Publication Date

2013

Journal or Book Title

Sensors

Abstract

Purpose: To compare raw acceleration output of the ActiGraph™ GT3X+ and GENEA activity monitors. Methods: A GT3X+ and GENEA were oscillated in an orbital shaker at frequencies ranging from 0.7 to 4.0 Hz (ten 2-min trials/frequency) on a fixed radius of 5.08 cm. Additionally, 10 participants (age = 23.8 ± 5.4 years) wore the GT3X+ and GENEA on the dominant wrist and performed treadmill walking (2.0 and 3.5 mph) and running (5.5 and 7.5 mph) and simulated free-living activities (computer work, cleaning a room, vacuuming and throwing a ball) for 2-min each.
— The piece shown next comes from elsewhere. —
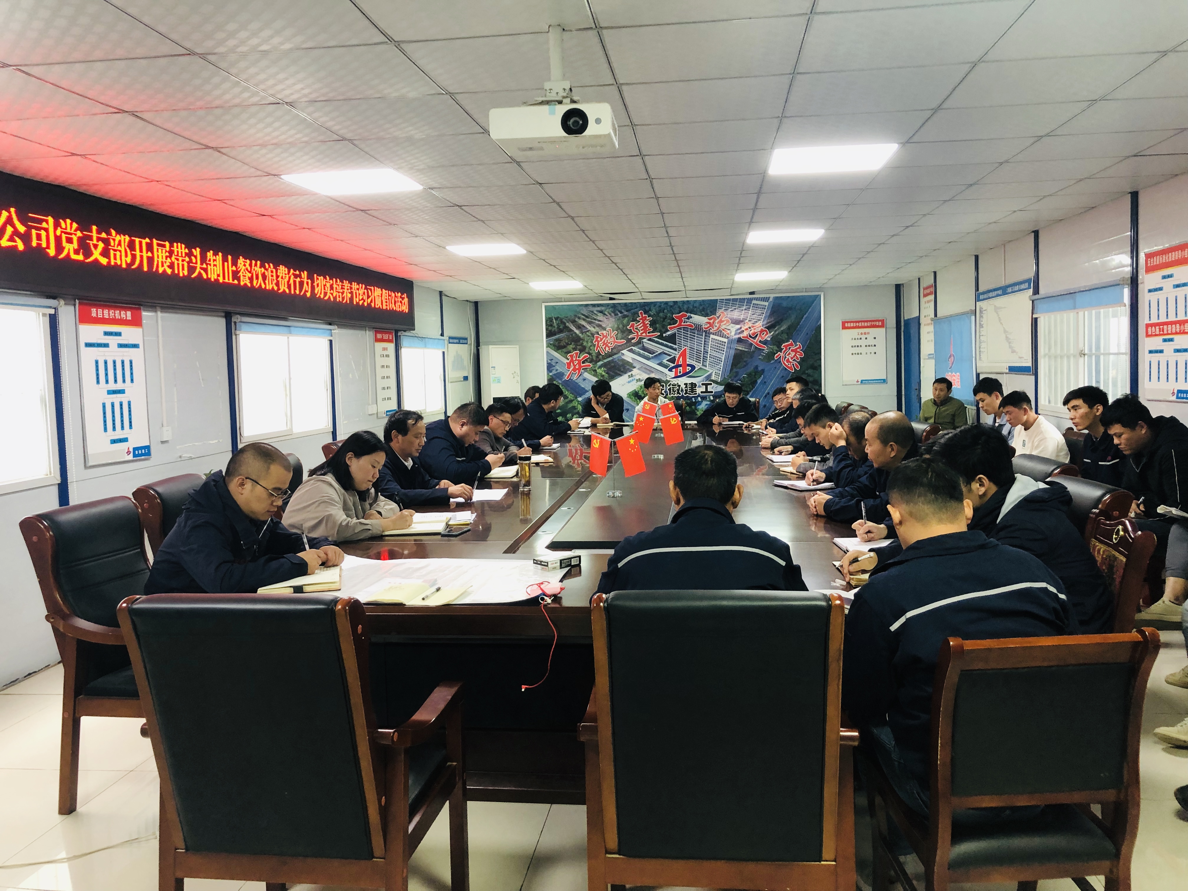 會議強調(diào)要扎實做好學(xué)習(xí)宣傳貫徹習(xí)近平總書記考察安徽重要講話精神,把工作延伸到生產(chǎn)一線、基層項目部,推動習(xí)近平總書記考察安徽重要講話精神深入人心。同時也要高度重視習(xí)近平總書記制止餐飲浪費重要行為指示,項目部黨員要發(fā)揮黨員先鋒模范作用,在厲行節(jié)約反對浪費方面,特別是餐飲浪費上走在前、作表率,自覺將勤儉節(jié)約反對浪費的理念內(nèi)化于心、外化于行,讓勤儉節(jié)約的中華美德代代傳承。
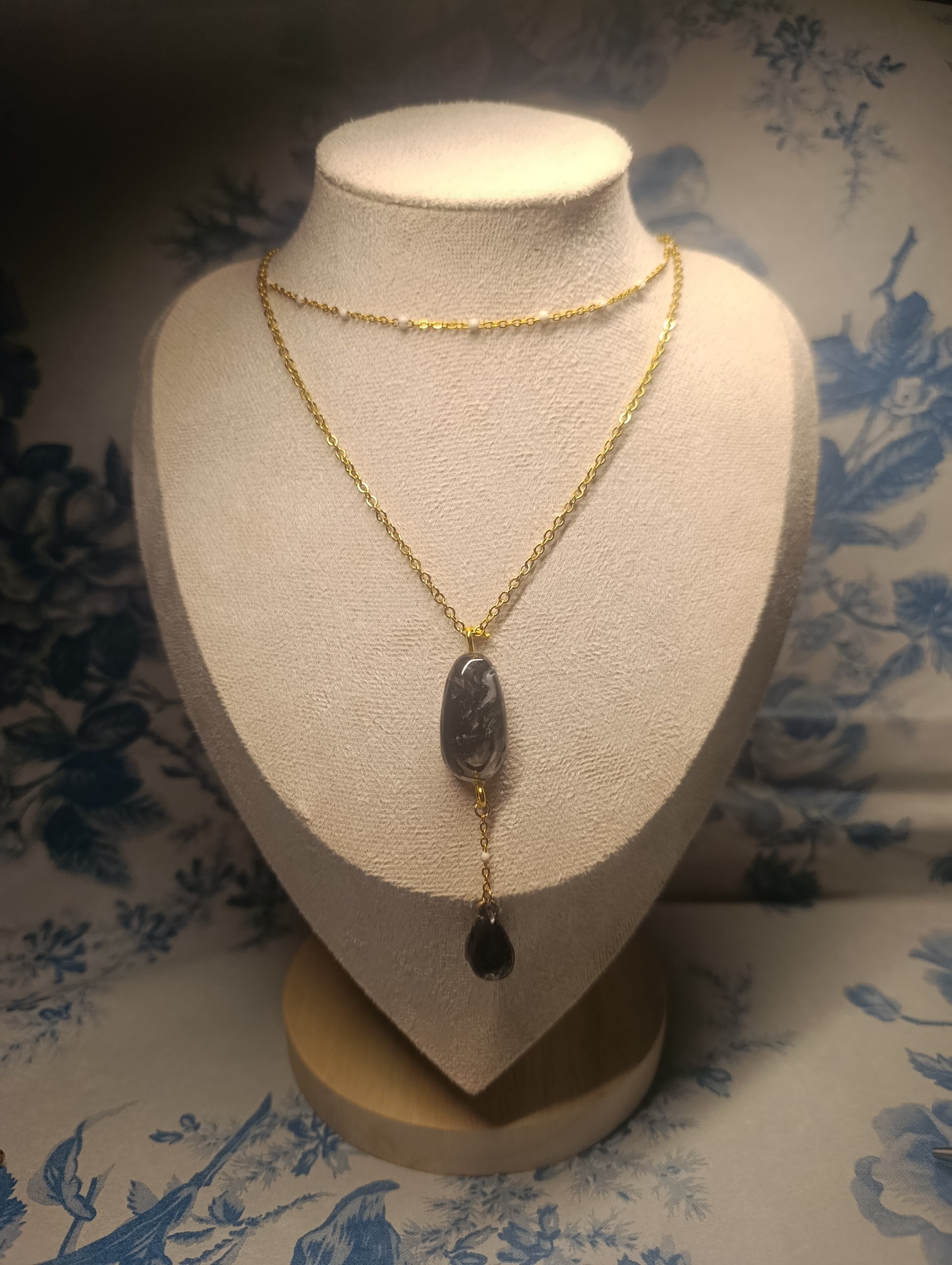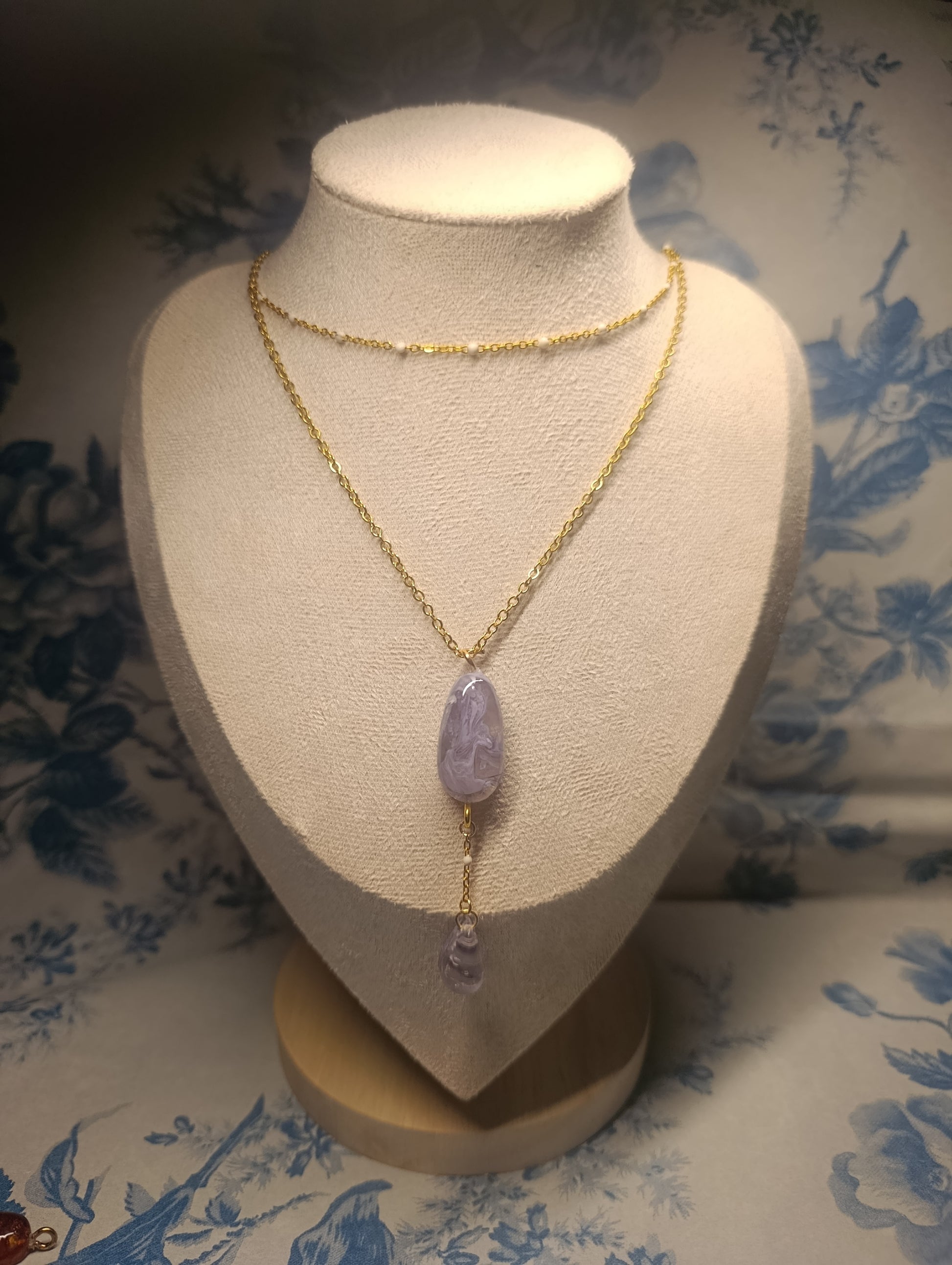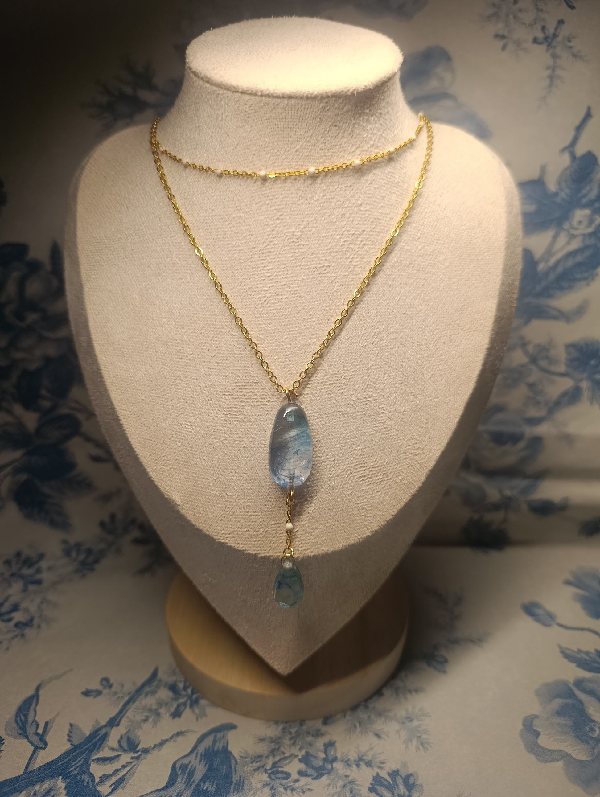 Materiales: doble cadena dorada de acero inoxidable y vidrio iridiscente encapsulado en resina.

A linear mixed model was used to compare the mean triaxial vector magnitude (VM) from the GT3X+ and GENEA at each oscillation frequency. For the human testing protocol, random forest machine-learning technique was used to develop two models using frequency domain (FD) and time domain (TD) features for each monitor. We compared activity type recognition accuracy between the GT3X+ and GENEA when the prediction model was fit using one monitor and then applied to the other. Z-statistics were used to compare the proportion of accurate predictions from the GT3X+ and GENEA for each model. Results: GENEA produced significantly higher (p < 0.05, 3.5 to 6.2%) mean VM than GT3X+ at all frequencies during shaker testing. Training the model using TD input features on the GENEA and applied to GT3X+ data yielded significantly lower (p < 0.05) prediction accuracy. Prediction accuracy was not compromised when interchangeably using FD models between monitors. Conclusions: It may be inappropriate to apply a model developed on the GENEA to predict activity type using GT3X+ data when input features are TD attributes of raw acceleration.

DOI

https://doi.org/10.3390/s131114754

Pages

14754-14763

Volume

13

Special Issue

Wearable Gait Sensors

Issue

11

License

UMass Amherst Open Access Policy

Creative Commons License

Creative Commons Attribution-Noncommercial-Share Alike 3.0 License
This work is licensed under a Creative Commons Attribution-Noncommercial-Share Alike 3.0 License.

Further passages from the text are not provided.